Distributed storage was first proposed by Google, with the aim of providing access to the Web through inexpensive servers for use with large-scale, highly concurrent scenarios.
What is a distributed storage system?
Distributed storage is also known as decentralized storage. To understand it, first we need to understand centralized storage. Centralized storage, conceptually, is centralized, that is, the entire storage is centralized in one system, but centralized storage is not a single device, but multiple devices in a centralized system. This storage device can be vertically scalable, but still share the same head, the device itself will become the bottleneck of system performance, but also the focus of system reliability and security, can not meet the needs of large-scale storage applications.

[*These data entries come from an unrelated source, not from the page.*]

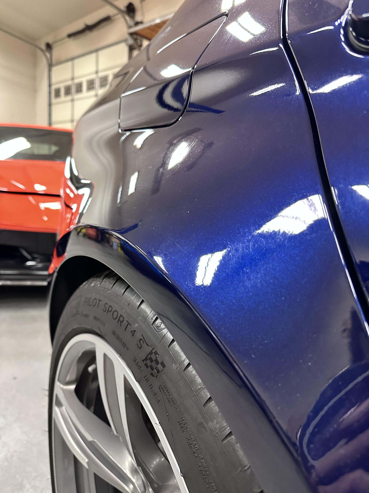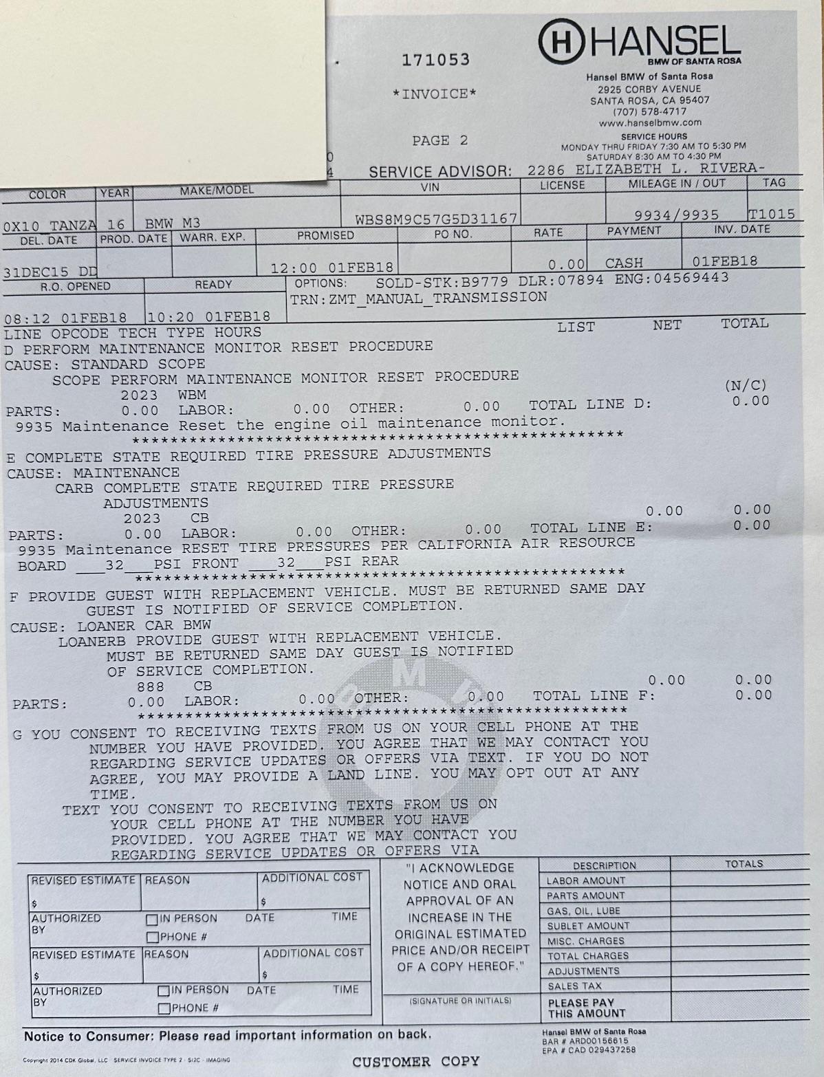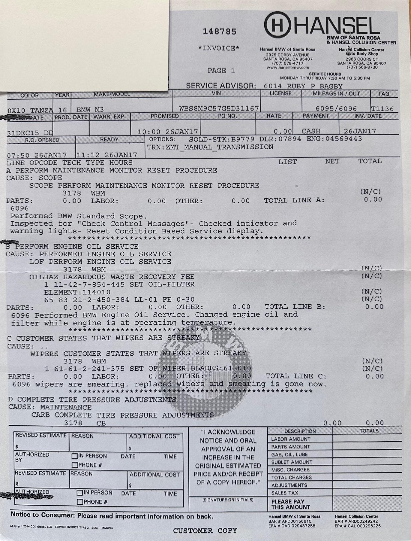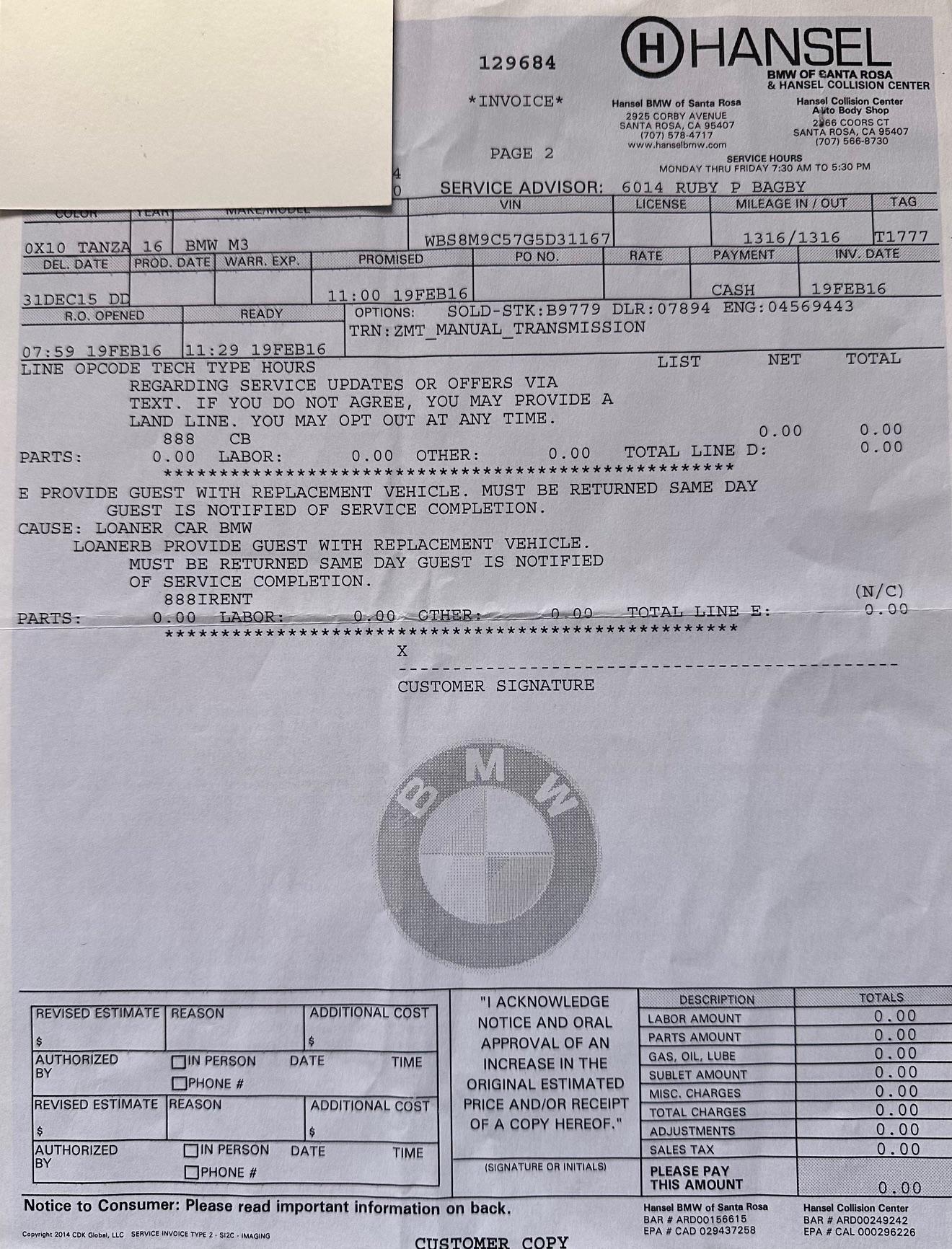 This 2016 BMW M3 is finished in Tanzanite Blue Metallic over Amaro Brown Individual Merino leather and is powered by a twin-turbocharged 3.0-liter S55 inline-six equipped with CarBahn engine management software and aluminum charge pipes. The car has been further modified with Eibach Pro springs and an M2 CS front sway bar, and it features optional factory equipment including Adaptive M Suspension, a leather-trimmed dash, and the Executive and Lighting packages. Additional features include a six-speed manual transmission, an Active M differential, 19″ alloy wheels, LED headlights, Park Distance Control, a back-up camera, a Harman Kardon sound system, a head-up display, navigation, and a heated steering wheel and seats. The car was acquired new by the seller and now has 35k miles. This F80 M3 is offered in Nevada with a window sticker, an owner’s manual, two key fobs, service records, spare parts, a clean Carfax report, and a clean California title in the seller’s name. The F80 M3 featured widened bodywork along with revised fender vents and bumpers compared to the standard 3 series. This example is finished in Tanzanite Blue Metallic with Shadowline trim and features Park Distance Control, LED headlights, LED taillights, and a rear decklid spoiler. A carbon-fiber rear diffuser, stainless-steel exhaust tips, and tinted side markers are installed, and the muffler is painted black. The 19″ Style 437M alloy wheels are mounted with 255/35 front and 285/35 rear Michelin Pilot Sport 4S tires that were installed in 2020. The seller states that Eibach Pro springs and an M2 CS front sway bar have been installed. Braking is handled by blue-finished M-branded calipers fitted over cross-drilled and ventilated rotors at all four corners. The car is equipped with Adaptive M Suspension, and M Dynamic Mode with Dynamic Stability Control is standard equipment. The brake fluid was flushed in 2023. The cabin features seating surfaces upholstered in Amaro Brown Individual Merino leather along with carbon-fiber trim on the dashboard and center console. Additional appointments include heated power-adjustable lightweight front sport seats, heated rear seats, a back-up camera, a head-up display, Comfort Access keyless entry, a Harman Kardon sound system, dual-zone automatic climate control, cruise control, and iDrive infotainment with navigation. Optional Merino leather covers the dash. The heated leather-wrapped multifunction steering wheel frames a 200-mph speedometer, an 8,500-rpm tachometer, and gauges for oil temperature and fuel level. The digital odometer indicates 35k miles, all of which were added under current ownership. The twin-turbocharged 3.0-liter S55 inline-six is equipped with CarBahn engine management software and aluminum charge pipes, according to the seller. An oil change was performed in February 2025. Power is sent to the rear wheels through a six-speed manual transmission and an electronically controlled Active M differential. The window sticker notes initial delivery to Hansel BMW of Santa Rosa, California, along with factory equipment, colors, options, and a total suggested retail price of $76,045. The Carfax report is free of accidents or other reported damage.
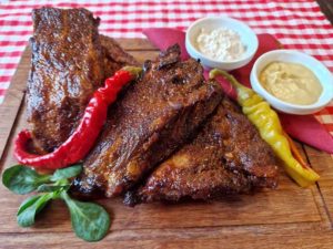 Žebra marinovaná s křenem a hořčicí s domácím chlebíčkem a půl litrem pivka dle výběru pro 1 osobu 450 Kč (pro 2 osoby za 950 Kč)
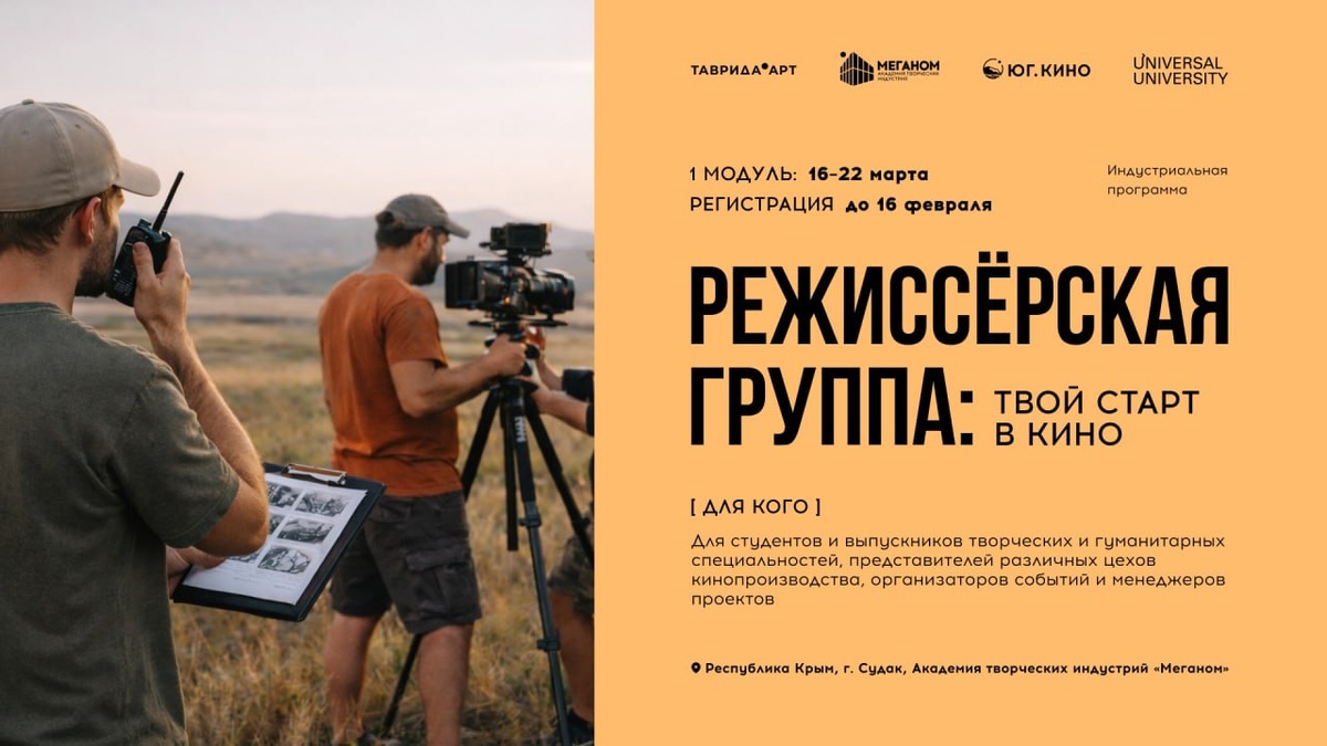 Здесь учат профессиям второго эшелона, без которых не работает ни одна съёмка: ⭕️помощник режиссёра, ⭕️ассистент режиссёра по актёрам, ⭕️бригадир актёров массовых сцен. Обучение ориентировано на реальную индустрию и практическую работу. На программе вы: 🎬 разберётесь, как устроена съёмочная площадка изнутри и какую роль в ней играет каждый; 📕 получите диплом государственного образца; 📋 сможете войти в шорт-лист специалистов, рекомендованных для сотрудничества с «Юг.Кино». Подать заявку можно до 16 февраля на сайте 🖇 Кино ближе, чем кажется 💫 #ТавридаАкадемия

In this storage system contains many components, in addition to the core head (controller), disk arrays (JBOD) and switches and other devices, there are management devices and other auxiliary devices.
The structure contains a head, which is the most central component of the storage system. Usually there are two controllers in the header, which are used as a backup to avoid hardware failure that could lead to the unavailability of the entire storage system. The front-end port is used to provide storage services to the server, while the back-end port is used to expand the capacity of the storage system. Through the back-end port the head can connect more storage devices, thus forming a very large pool of storage resources.
In the entire architecture, the head is the core component of the entire storage system, where the advanced functions of the entire storage system are implemented. The software in the controller realizes the management of disks, abstracts them into a pool of storage resources, and then divides them into LUNs to be provided to the server for use. The LUNs here are actually the disks seen on the server. Of course, some centralized storage itself is also a file server and can provide shared file services. In any case, from the above we can see that the biggest feature of centralized storage is that there is a unified entry point through which all data must pass, and this entry point is the head of the storage system. This is the most significant feature that distinguishes centralized storage from distributed storage.
Distributed storage system is to store data decentralized on multiple independent devices and can be expanded horizontally, using multiple storage devices to share the storage load and using metadata servers to locate the stored information, it not only improves the reliability, availability and access efficiency of the system, but also is easy to expand. At the same time, these scattered storage devices can be built into a virtual pool of large storage for upper-level applications to use. Many clustered storage, parallel storage, cloud storage, etc. in the market are actually based on distributed architecture, just called differently by different vendors. In recent years, this kind of distributed architecture storage system is gradually replacing the traditional storage architecture, especially in the field of unstructured data storage is developing very rapidly.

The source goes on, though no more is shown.